São apresentadas, neste minidossiê, diferentes categorias de imagens artísticas e de documentos, em assuntos como pintura, arquitetura, ensino artístico e objetos decorativos, com relevantes contribuições ao debate atual no campo da visualidade. Vale ressaltar o interesse das áreas de história e de arte nas abordagens visuais seja para alargar seus conhecimentos específicos, como no tratamento de material visual enquanto documento e/ou objeto de estudo, seja para provocar o diálogo com outras áreas do conhecimento e levar seus saberes particulares a outros domínios.
Desta maneira, as imagens apresentadas e discutidas pelos autores ampliam consideravelmente a noção de obra de arte, ao abordarem aspectos da produção, da circulação e recepção, levando o leitor a deslocar seu olhar para lugares inesperados de apreciação e produção das obras. As imagens de entresséculos escolhidas para aqui figurarem instigam reflexões sobre múltiplos aspectos: objetos, seus lugares e juízos estéticos cambiantes; formação de olhares artísticos moldados pelo ensino acadêmico; escrita de uma história da arquitetura no Brasil com a colaboração das imagens; con – figuração de uma estética decorativa como emblema de uma arte pública.
Sonia Gomes Pereira lembra da renovação historiográfica que a arte brasileira oitocentista vem passando nos últimos anos, permitindo se despir das generalizações que encobriam as complexidades da produção artística relacionada ao sistema acadêmico, que envolvia um processo de aquisição de domínio da representação das formas, principalmente humanas, com fins narrativos. Longe de se configurarem como estanques e enrijecidas, as imagens ditas acadêmicas foram bastante heterogêneas. Ao estudar caso a caso, opção metodológica defendida por Sonia, que oferece o exemplo do Prêmio de Viagem de Rodolfo Amoedo, permite-se a ultrapassagem da visão dicotômica entre tradição e modernidade, entre acadêmicos e modernos.
Denise Gonçalves discute os meandros da construção da história da arquitetura a partir do embate entre texto, imagem e representação do espaço, recuperando a tradição do conceito de disegno, desde Alberti, como fundamento de um modelo de representação considerada fidedigna e científica, mas que nos oitocentos começou a enfrentar maior descrédito em virtude das imagens bidimensionais não conseguirem dar conta da complexidade espacial e dos novos sentidos atribuídos à arquitetura e aos espaços urbanos. Trazendo a discussão para o Brasil, Denise pontua a atuação de J. A. Cordeiro em Ostensor Brasileiro e de Araújo Viana em Renascença e de como o ‘método do passeio’, expressão forjada pela autora, procurou criar uma alternativa ao modelo albertiano de análise arquitetônica e oferecer imagens como valorização de uma cultura nacional, a partir dos monumentos que se destacavam no espaço urbano do Rio de Janeiro. Para a autora, as fotografias que entremeiam os textos funcionam como quadros vivos do espaço urbano, pontuando a arquitetura e rascunhando uma nova história.
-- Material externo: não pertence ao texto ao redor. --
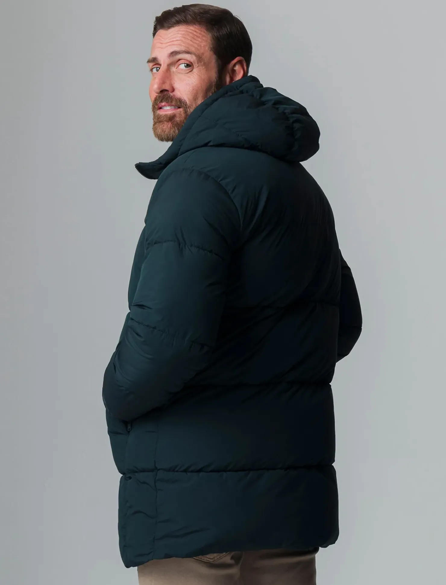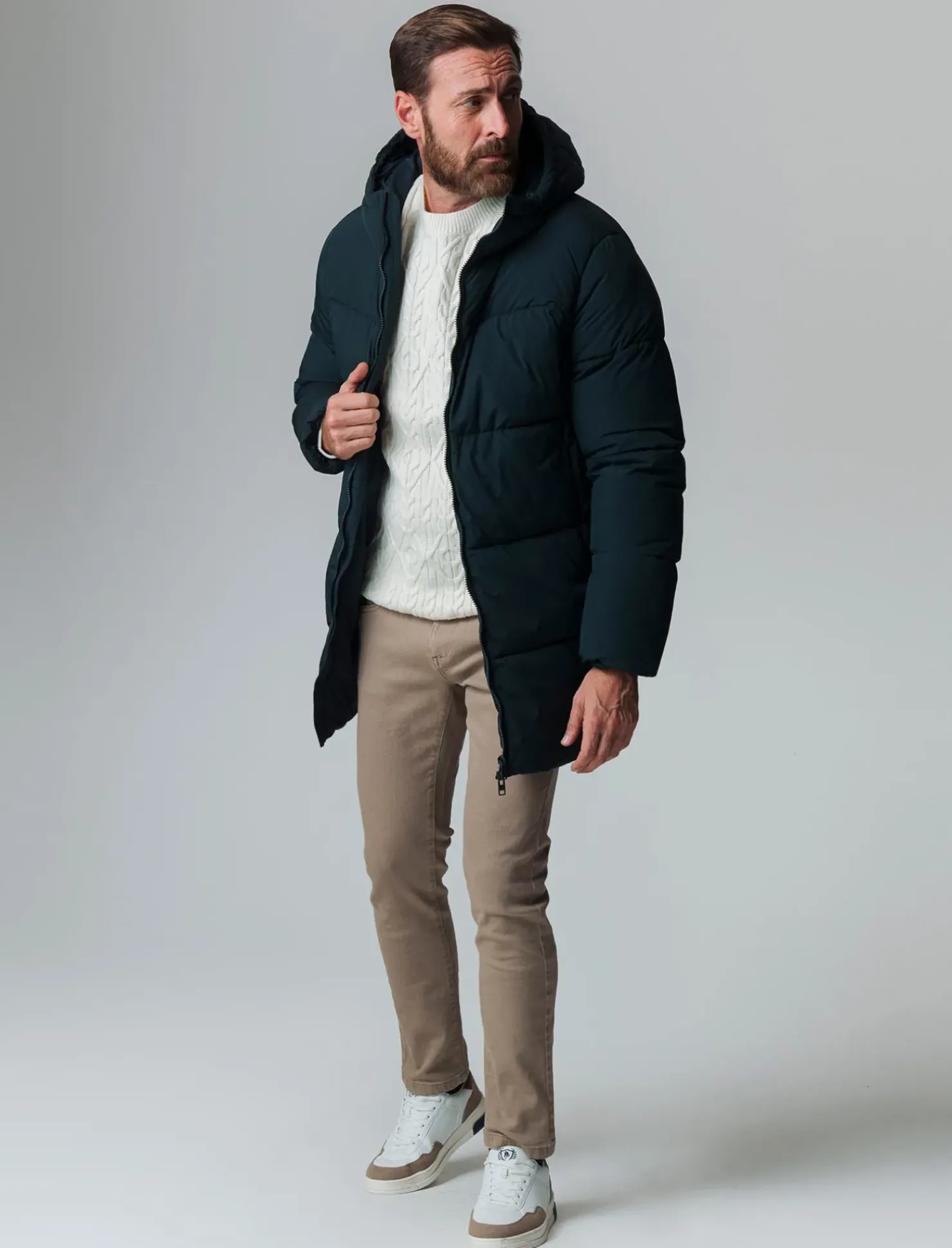 Giaccone lungo imbottito con cappuccio, ideale per affrontare le giornate più fredde. Realizzato in tessuto tecnico, offre una protezione ottimale dal freddo e dal vento. Il collo alto e il cappuccio regolabile garantiscono comfort e calore, mentre le maniche lunghe assicurano una vestibilità perfetta. Le tasche con cerniera invisibile sul davanti offrono praticità senza compromettere lo stile. La chiusura frontale con cerniera aggiunge un tocco moderno e funzionale. Un capo versatile per l’uomo contemporaneo. Il prodotto è di colore Verde

Arthur Valle desenvolve o argumento de uma tipologia de pintura realizada nos primeiros anos da República, a de estética decorativa, encontrada na ambientação dos prédios públicos e privados, na cidade do Rio de Janeiro. Ao discutir uma modalidade de pintura com suas regras próprias, Arthur enfrenta algumas obras decorativas e as críticas a elas dedicadas, como verifica que tais discussões se fizeram presentes tanto na Europa quanto no Brasil. A partir dos preceitos de Prosper Merimée e da repercussão das obras de Puvis de Chavanne, são visitados os ciclos decorativos presentes nas obras de artistas brasileiros finisseculares, com o intuito de evidenciar a amplitude do termo decorativo no âmbito das artes visuais.
Marize Malta discute a relação entre imagem, objeto e espaço ao analisar o percurso de produção, comercialização e apreciação de uma única peça decorativa, a imensa jarra Beethoven, mostrando a transitoriedade dos sentidos e o papel desempenhado pelas instituições e pela crítica no balizamento do juízo sobre o objeto artístico. A autora situa sua reflexão no campo teórico/metodológico da cultura visual, a partir do qual pensa o deslocamento físico da obra e o deslocamento dos sentidos a ela atribuídos ao longo do tempo. Apresenta o artista português Rafael Bordallo Pinheiro, autor da jarra realizada sob encomenda de um abastado proprietário de terras também violinista amador, e a busca por um comprador para a sua “criatura”.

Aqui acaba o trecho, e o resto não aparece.